Physical-Statistical Hybrid Model for MIRROR PLANT

Published Date: 2013

Makoto Nakaya¹ Xinchun Li²

MIRROR PLANT uses physical plant modeling based on physical and chemical laws. However, the physical model cannot express some phenomena in plants, especially those which are not physically determined yet. We propose a hybrid model of a physical model and a statistical model based on historical plant operation data. Combining the physical model and statistical model improves the estimation accuracy of the statistical model. In addition, by applying the just-in-time (JIT) modeling to the on-line update of the statistical model, it can deliver exact estimation even during rapid changes in plant behaviors.

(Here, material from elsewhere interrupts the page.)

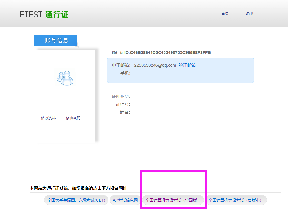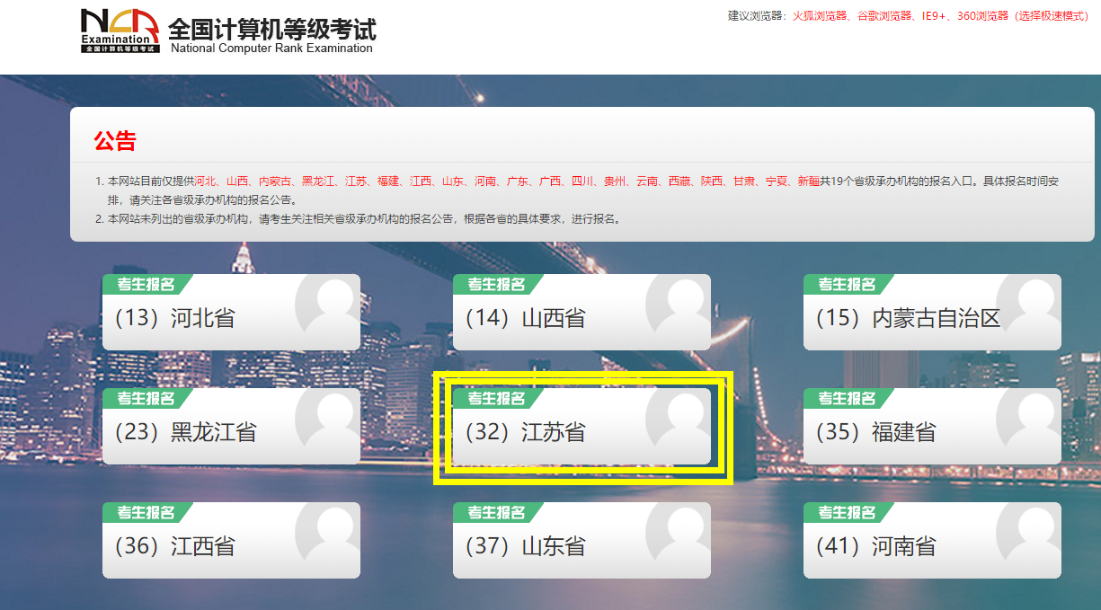 各位考生: 根据考试院规定:从本次考试起,我省使用教育部考试中心统一部署的全国版考务报名系统,报名系统网址为https://ncre-bm.neea.cn(公网)或https://ncre-bm.neea.edu.cn(教育网),报名方式实行网上报名、网上缴费🌓。 一🧘、开考科目及时间 开考科目:一级office、一级PS、二级office 考试时间:2020年3月28日-3月30日(具体时间以准考证为准) 二、报名及缴费时间 报名时间:2019年12月17日12:00-2020年1月6日12:00 缴费时间:2019年12月17日12:00-2020年1月6日12:00 注意⬛️👩🏻🎤:考生全部采用个人网上缴费方式,须在规定时间内登陆系统进行缴费🤔,如24小时内未支付👱♂️、未锁定,将会被系统自动删除。 三、具体缴费流程 1.报名系统网址为https://ncre-bm.neea.cn(公网)或https://ncre-bm.neea.edu.cn(教育网),选择“江苏省”选项🕴🏼。 2.输入报名时提交的“邮箱”🛂,密码默认为“123456” 注意:本校考点采用集体报名的方式🖖🏽,已经集体报名导入的考生可以使用报名时提供的电子邮箱作为通行证(电子邮箱此前已注册通行证的密码沿用以前🫕,未被注册过通行证的默认密码:“123456”)通过前台报名入口登录💱👩🦼➡️,登录后只可查看个人报名信息、缴费、打印准考证🤞,不可以修改个人报名信息,个人信息只能由考点通过集体报名的方式修改🏄🏽♂️。 若参加过四六级考试的,仍用原先自己的密码🎽;若密码忘记,可自行“找回密码”。 3.修改密码 出现以下界面,点击确定💃,并在“通行证”页面,仍先输入初始密码“123456”登录。 点击“修改密码”按键,并依据提示修改为符合要求的密码。

PA Application Technology D&E Dept., IA Systems Business Division, Industrial Automation Platform Business Headquaters
Development Dept. 3, Yokogawa Beijing Development Center

INTRODUCTION

MIRROR PLANT, which combines reality and a virtual world, and actively makes use of a plant model to provide new operations, is based on the Visual Modeler dynamic process simulator of Omega Simulation Co., Ltd. With the Visual Modeler plant model, a technique known as the physical (or rigorous) model, subject to physical and chemical laws, is applied. Visual Modeler's model library has more than 150 unit models for differing plant equipment; thus, by using them, users can build a plant model in an interactive mode on GUI.

Physical models are based on the theory, and therefore plant behaviors can be understood according to the principles and fundamental rules, and they can be used in a wide range of operations from a plant startup to its shutdown. This is a feature of the physical model. However, portions of a plant which are phenomena that are not physically analyzable cannot be modeled. There is another drawback, in that it needs much time to use past operations data for tuning parameters in physical model formulas. To solve these problems, Yokogawa has developed a physical-statistical hybrid model for the MIRROR PLANT for the cases where a physical model cannot be built, by combining a statistical model, which configures a model based on past operations data using statistical methods, with the physical model.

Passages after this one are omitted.